- **Record extracts**:

=== Section Start ===

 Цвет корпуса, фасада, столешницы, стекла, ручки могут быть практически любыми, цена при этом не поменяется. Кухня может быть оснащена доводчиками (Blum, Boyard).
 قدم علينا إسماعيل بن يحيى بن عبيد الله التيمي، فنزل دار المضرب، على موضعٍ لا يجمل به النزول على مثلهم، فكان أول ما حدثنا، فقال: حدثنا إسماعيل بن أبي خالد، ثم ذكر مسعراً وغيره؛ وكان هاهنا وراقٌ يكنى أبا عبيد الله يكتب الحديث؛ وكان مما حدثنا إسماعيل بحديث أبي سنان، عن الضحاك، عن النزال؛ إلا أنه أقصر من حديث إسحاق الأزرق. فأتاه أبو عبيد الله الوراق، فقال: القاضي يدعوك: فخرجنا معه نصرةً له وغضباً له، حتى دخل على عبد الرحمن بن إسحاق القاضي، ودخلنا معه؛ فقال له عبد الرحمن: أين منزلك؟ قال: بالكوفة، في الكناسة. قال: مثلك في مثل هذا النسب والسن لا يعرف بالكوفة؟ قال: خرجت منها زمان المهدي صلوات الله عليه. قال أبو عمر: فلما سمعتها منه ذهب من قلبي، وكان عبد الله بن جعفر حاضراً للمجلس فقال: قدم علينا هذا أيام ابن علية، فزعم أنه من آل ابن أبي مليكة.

=== Section End ===
=== Section Start ===

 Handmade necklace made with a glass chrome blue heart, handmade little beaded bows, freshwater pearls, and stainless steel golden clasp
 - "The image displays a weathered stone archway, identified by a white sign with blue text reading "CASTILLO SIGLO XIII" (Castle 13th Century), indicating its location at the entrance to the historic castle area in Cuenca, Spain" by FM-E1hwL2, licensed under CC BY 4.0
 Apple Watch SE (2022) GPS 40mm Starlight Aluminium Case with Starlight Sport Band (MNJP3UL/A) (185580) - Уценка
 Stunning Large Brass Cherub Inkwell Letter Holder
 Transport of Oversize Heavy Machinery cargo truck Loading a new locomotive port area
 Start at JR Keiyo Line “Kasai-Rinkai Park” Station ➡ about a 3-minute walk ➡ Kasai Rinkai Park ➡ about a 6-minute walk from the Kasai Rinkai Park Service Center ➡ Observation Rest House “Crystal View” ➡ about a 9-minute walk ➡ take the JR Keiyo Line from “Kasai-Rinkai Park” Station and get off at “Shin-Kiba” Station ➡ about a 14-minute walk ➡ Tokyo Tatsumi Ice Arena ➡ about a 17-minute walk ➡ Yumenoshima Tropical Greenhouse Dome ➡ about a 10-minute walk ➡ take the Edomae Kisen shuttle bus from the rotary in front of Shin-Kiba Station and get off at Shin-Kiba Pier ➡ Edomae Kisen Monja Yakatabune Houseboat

=== Section End ===
=== Section Start ===

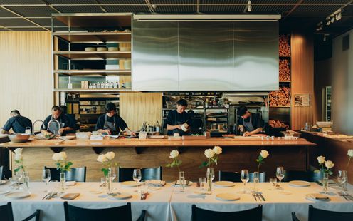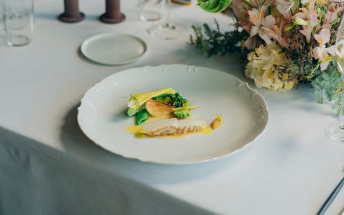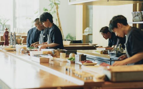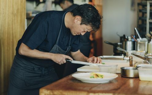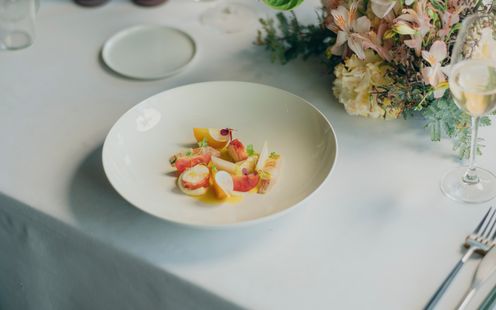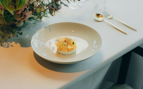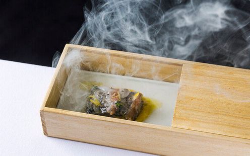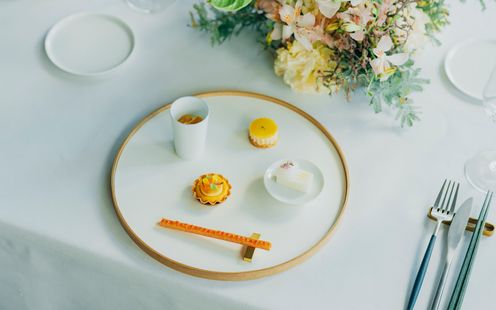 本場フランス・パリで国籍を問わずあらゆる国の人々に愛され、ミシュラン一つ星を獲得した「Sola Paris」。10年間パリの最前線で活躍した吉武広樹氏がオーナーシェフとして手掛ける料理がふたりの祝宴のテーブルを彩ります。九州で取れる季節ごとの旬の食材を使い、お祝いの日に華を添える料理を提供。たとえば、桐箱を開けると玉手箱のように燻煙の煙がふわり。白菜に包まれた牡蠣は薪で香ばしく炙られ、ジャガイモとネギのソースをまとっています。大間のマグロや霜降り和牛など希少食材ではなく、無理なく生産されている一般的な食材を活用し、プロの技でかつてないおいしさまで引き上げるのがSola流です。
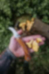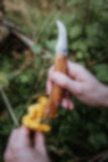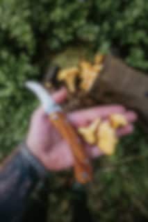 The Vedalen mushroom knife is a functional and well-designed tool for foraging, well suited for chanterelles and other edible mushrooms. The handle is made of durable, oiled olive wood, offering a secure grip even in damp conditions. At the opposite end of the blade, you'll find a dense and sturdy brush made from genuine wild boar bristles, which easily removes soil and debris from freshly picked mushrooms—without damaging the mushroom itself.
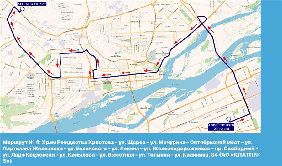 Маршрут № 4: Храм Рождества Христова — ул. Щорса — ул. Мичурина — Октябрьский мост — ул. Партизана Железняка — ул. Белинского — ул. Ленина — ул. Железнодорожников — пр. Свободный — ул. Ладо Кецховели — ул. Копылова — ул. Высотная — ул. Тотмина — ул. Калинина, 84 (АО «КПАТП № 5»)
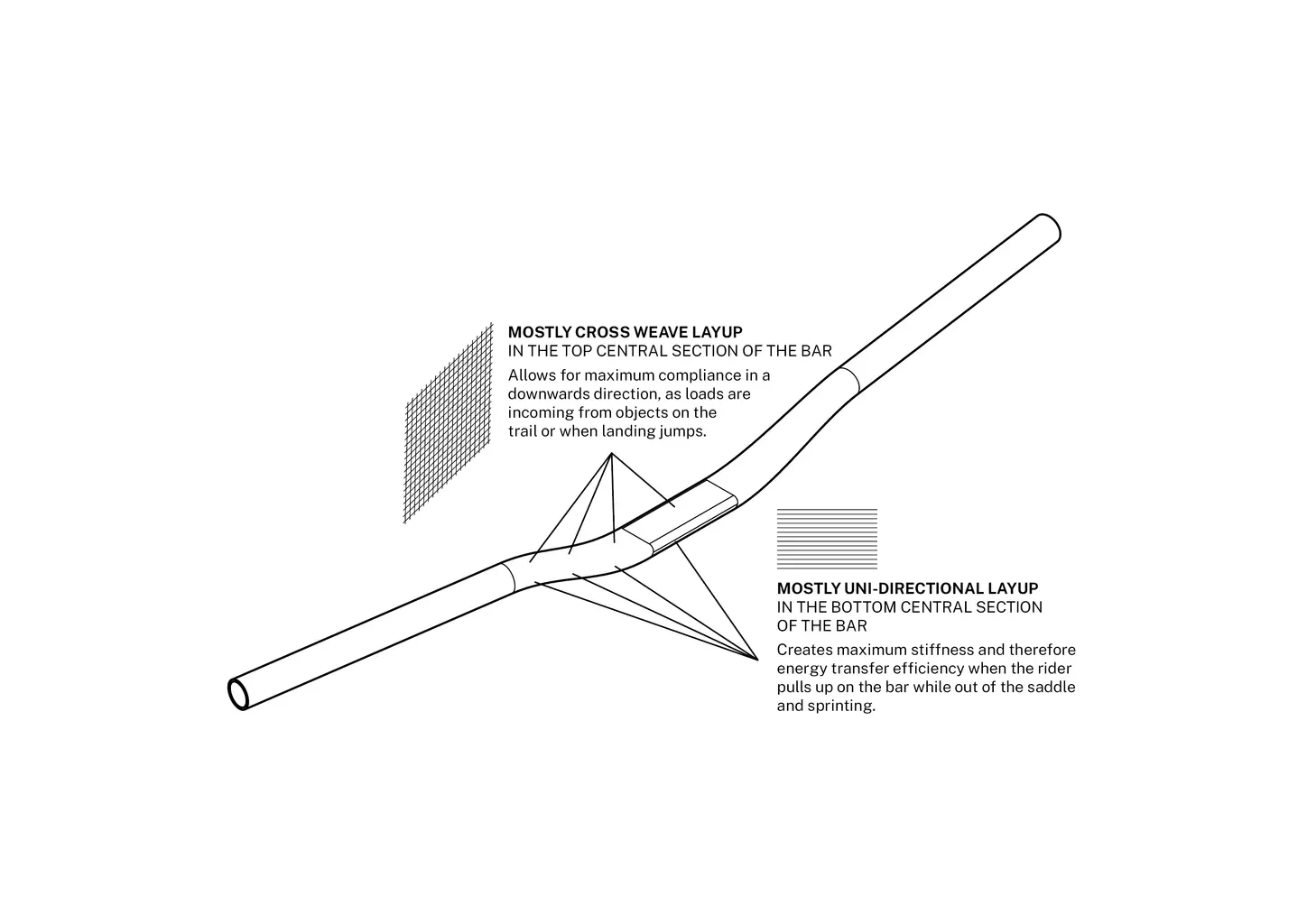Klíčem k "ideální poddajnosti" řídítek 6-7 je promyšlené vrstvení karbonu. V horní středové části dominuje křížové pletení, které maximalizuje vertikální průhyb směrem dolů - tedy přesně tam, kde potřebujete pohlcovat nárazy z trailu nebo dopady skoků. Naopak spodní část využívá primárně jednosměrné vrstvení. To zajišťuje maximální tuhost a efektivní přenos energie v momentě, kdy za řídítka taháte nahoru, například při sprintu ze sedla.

=== Section End ===

- **Task details**: Output the lines above exactly, but only those between the line holding "Цвет корпуса, фасада, столешницы, стекла, ручки" and the line holding "قدم علينا إسماعيل", inclusive.

- **Written response**:
 Цвет корпуса, фасада, столешницы, стекла, ручки могут быть практически любыми, цена при этом не поменяется. Кухня может быть оснащена доводчиками (Blum, Boyard).
 قدم علينا إسماعيل بن يحيى بن عبيد الله التيمي، فنزل دار المضرب، على موضعٍ لا يجمل به النزول على مثلهم، فكان أول ما حدثنا، فقال: حدثنا إسماعيل بن أبي خالد، ثم ذكر مسعراً وغيره؛ وكان هاهنا وراقٌ يكنى أبا عبيد الله يكتب الحديث؛ وكان مما حدثنا إسماعيل بحديث أبي سنان، عن الضحاك، عن النزال؛ إلا أنه أقصر من حديث إسحاق الأزرق. فأتاه أبو عبيد الله الوراق، فقال: القاضي يدعوك: فخرجنا معه نصرةً له وغضباً له، حتى دخل على عبد الرحمن بن إسحاق القاضي، ودخلنا معه؛ فقال له عبد الرحمن: أين منزلك؟ قال: بالكوفة، في الكناسة. قال: مثلك في مثل هذا النسب والسن لا يعرف بالكوفة؟ قال: خرجت منها زمان المهدي صلوات الله عليه. قال أبو عمر: فلما سمعتها منه ذهب من قلبي، وكان عبد الله بن جعفر حاضراً للمجلس فقال: قدم علينا هذا أيام ابن علية، فزعم أنه من آل ابن أبي مليكة.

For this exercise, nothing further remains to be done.